DOE’s Office of Science is the single largest supporter of basic research in the physical sciences in the United States, and is working to address some of the most pressing challenges of our time. For more information, please visit energy.gov/science.
This press release was originally published by the U.S. Department of Energy’s Lawrence Berkeley National Laboratory. DOE’s Fermi National Accelerator Laboratory contributed key elements to DESI, including the online databases used for data acquisition and the software that ensures that each of the 5,000 robotic positioners are precisely pointing to their celestial targets to within a 10th of the width of a human hair.
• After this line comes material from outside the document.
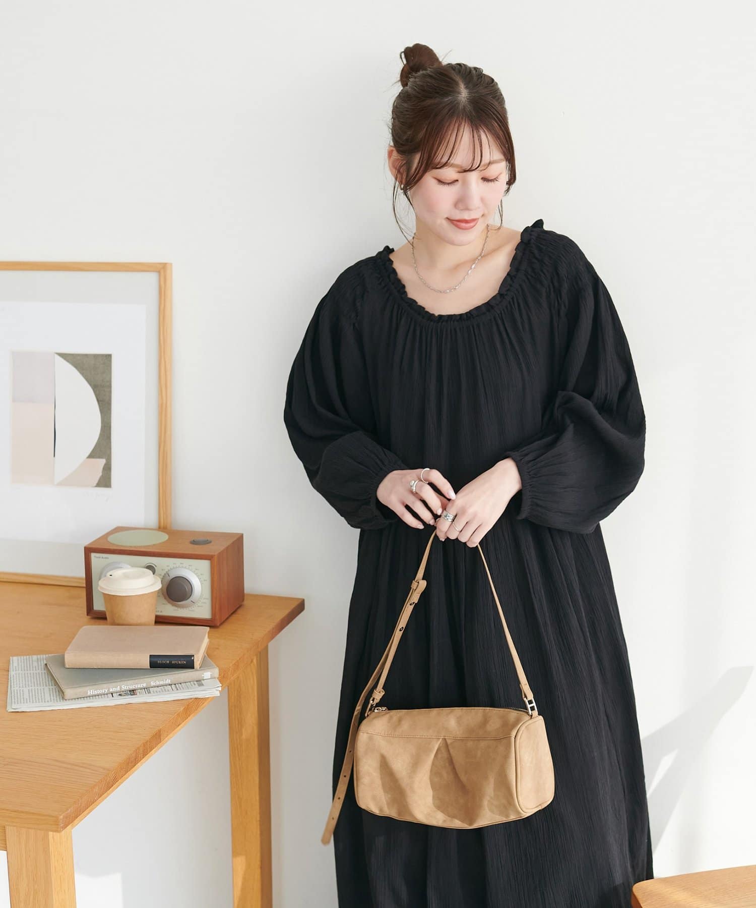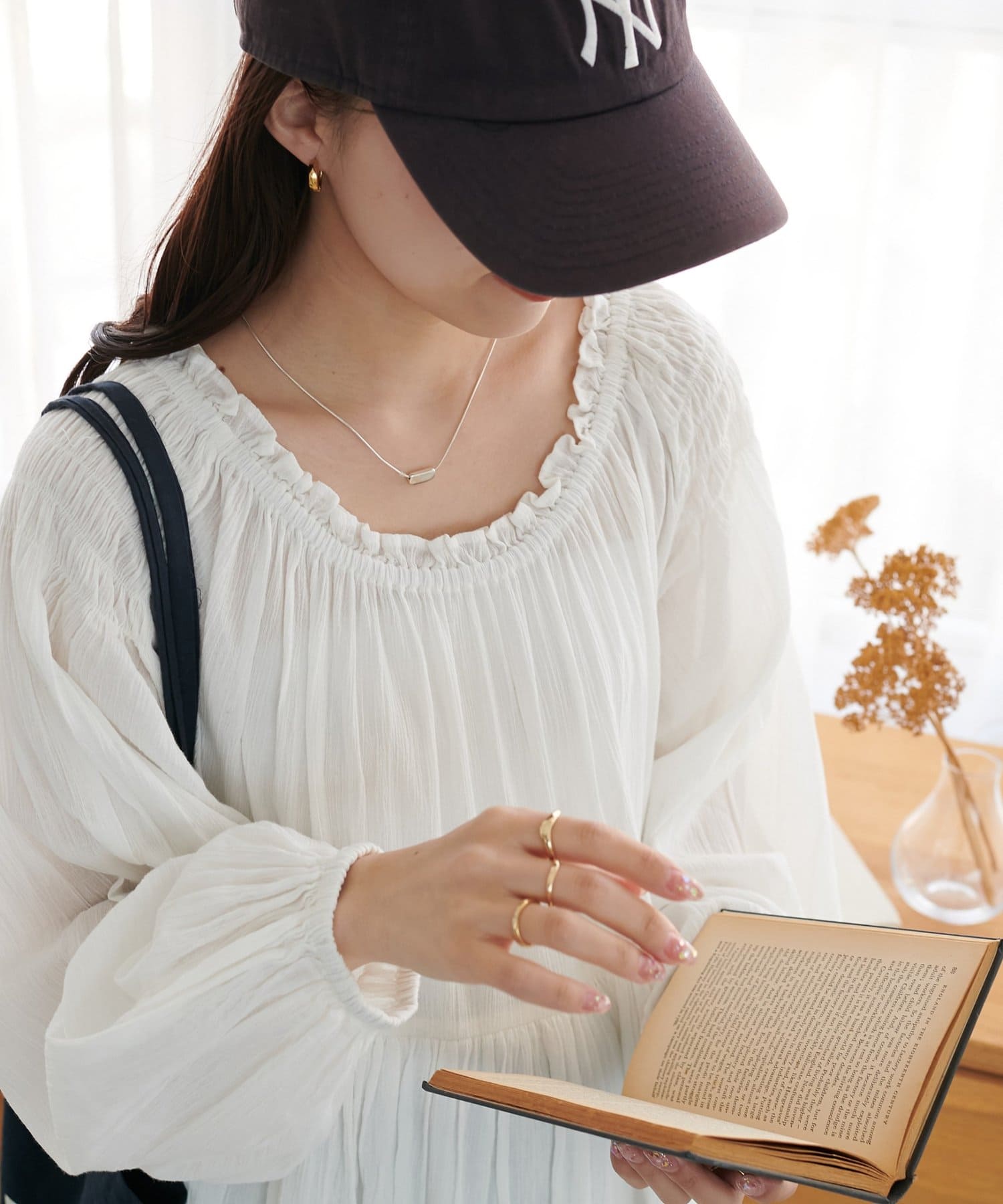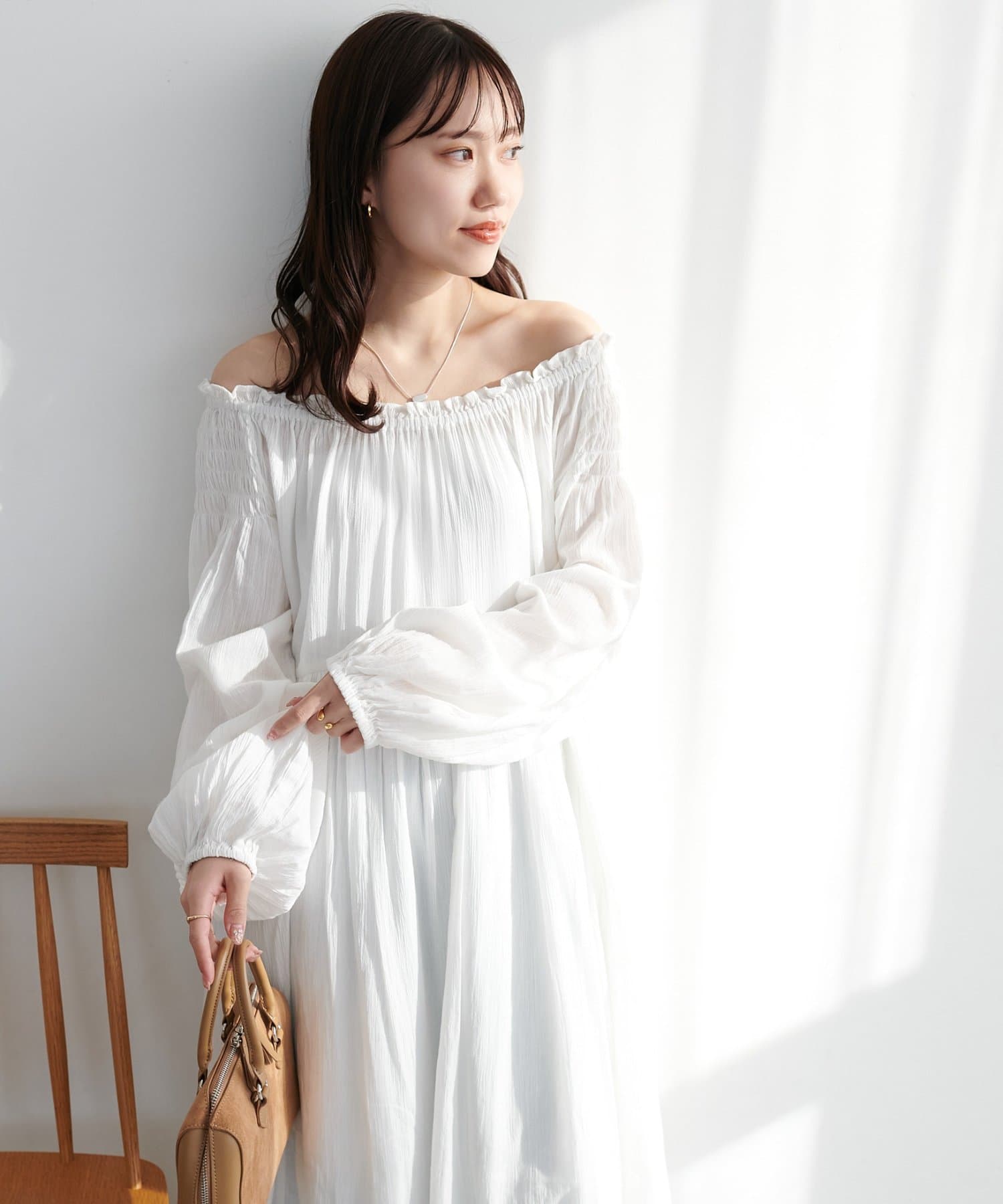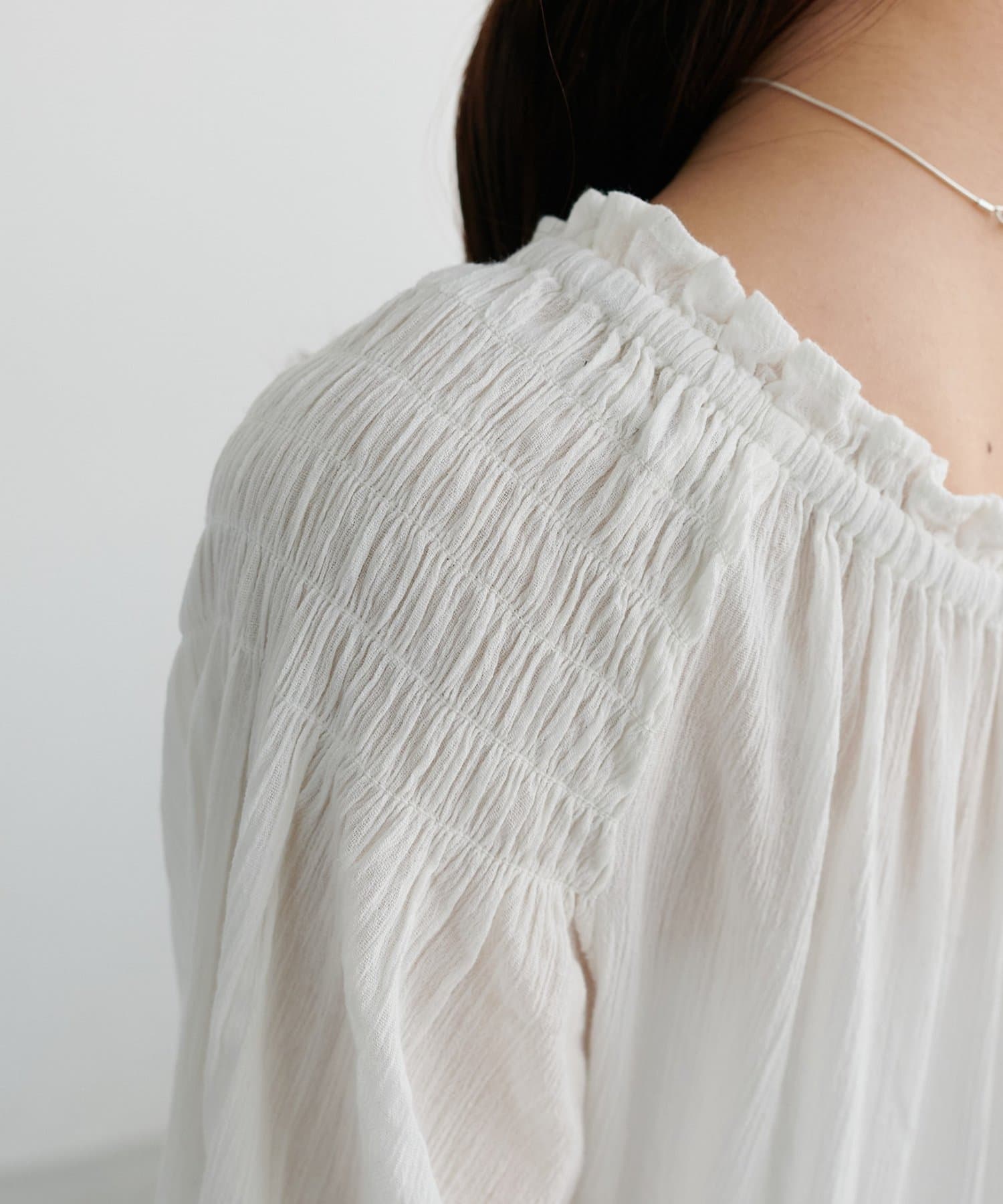 ・首元はゴム仕様で、オフショルとしても着用可能

Fermilab also contributed the atmospheric dispersion corrector, corrector barrel, hexapod and cage. The corrector barrel holds DESI’s six large lenses in precise alignment. The hexapod, designed and built with partners in Italy, focuses the DESI images by moving the barrel-lens system. Both the barrel and hexapod are housed in the cage, which provides the attachment to the telescope structure. In addition, Fermilab carried out the testing and packaging of DESI’s charge-coupled devices. The CCDs convert the light passing through the lenses from distant galaxies into digital information that can then be analyzed by the collaboration.
Key takeaways
- The Dark Energy Spectroscopic Instrument collaboration has publicly released the first 13 months of data from its main survey — a treasure trove that will help other researchers investigate big questions in astrophysics.
- Although DESI’s Data Release 1 is only a fraction of what the experiment will capture, the 270-terabyte dataset holds a vast amount of information, including precise distances to millions of galaxies.
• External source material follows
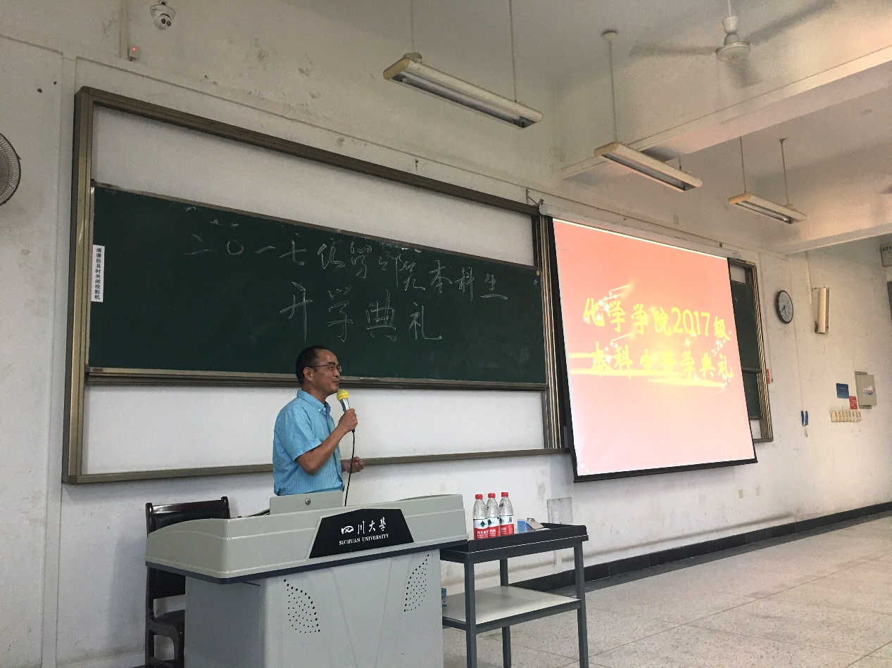 2017年9月11日下午16:00,四川大学化学学,2017级本科生开学典礼在综合楼举行。化学学院院长游劲松教授、化学学院党委书记王智猛老师、化学学院教学副院长李梦龙教授、化学学院郑成斌教授、化学学院党委副书记谢均老师,教导员郭明秀老师、2017级辅导员杨琴老师、2017级辅导员田俊老师参加了此次开学典礼。

- DESI’s data release contains more than twice as many unique objects outside our galaxy as in all previous 3D-spectroscopic surveys combined.
The Dark Energy Spectroscopic Instrument (DESI) is mapping millions of celestial objects to better understand dark energy: the mysterious driver of our universe’s accelerating expansion. Today, the DESI collaboration released a new collection of data for anyone in the world to investigate. The dataset is the largest of its kind, with information on 18.7 million objects: roughly 4 million stars, 13.1 million galaxies, and 1.6 million quasars (extremely bright but distant objects powered by supermassive black holes at their cores).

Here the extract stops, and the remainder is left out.